In developing our first custom python block, it took us some time to figure out how to reference attributes in the “face predictions” output from the “Gaze Detection” model, and this was due to the fact that the output as shown in the Data in / Data out portions of the blocks did not match the structure in the code.
Specifically, we found out eventually through some error messages and google searches, that the “face predictions” data was an sv.Detections object (Core - Supervision). However, in the Data in section (represented as the parameter “predictions”), it appears to be an array of dictionaries:
So, for example, getting the x & y of the bounding box of a prediction, from the info above, would appear to be done like this:
for p in predictions:
x1 = p["x"]
y1 = p["y"]
x2 = x1 + p["width"]
y2 = y1 + p["height"]
center_x = (x1 + x2) // 2
center_y = (y1 + y2) // 2
This fails, though, because sv.Predictions stores the rectangles in the array xyxy, and height & width in the dictionary data (as the array “height” and array “width”), meaning we do this:
for box in predictions.xyxy:
x1, y1, x2, y2 = map(int, box)
center_x = (x1 + x2) // 2
center_y = (y1 + y2) // 2
width = x2 - x1
height = y2 - y1
Is there someplace else we should be looking for the real structure of the data that is produced by upstream modules?
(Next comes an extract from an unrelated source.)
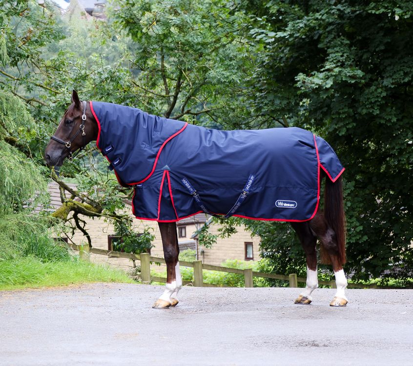 Warm and cosy 250g fill with a faux fur witherpad to alleviate pressure and a waterproof upper to avoid the pad becoming sodden. Includes trigger clip chest fastenings with buckle adjustment and easy replacement, elastic and velcro straps to secure the hood to the rug. 3 chest D-rings on the chest, crossed belly surcingles, two single lock velcro fastenings on the hood and elastic leg straps to keep the rug secure. Classic navy, red and white colour scheme with Whitaker branded straps. Also includes a tall shoulder gusset and anti-rub and anti-static polyester lining to maintain coat health and shine. Perfect for total protection against the toughest weather.

I see from this example with gaze detection that if you invoke it via your own python, it returns the results as json. Was it incorrect to configure our block with a parameter called “predictions” of type “any” that is linked to the “face predictions” output of the gaze detection model? (cannot include a second screenshot due to account restrictions).
EDIT: please ignore the bits about the width & height above, those are from our own model, and don’t exist in the gaze detection example I’m using.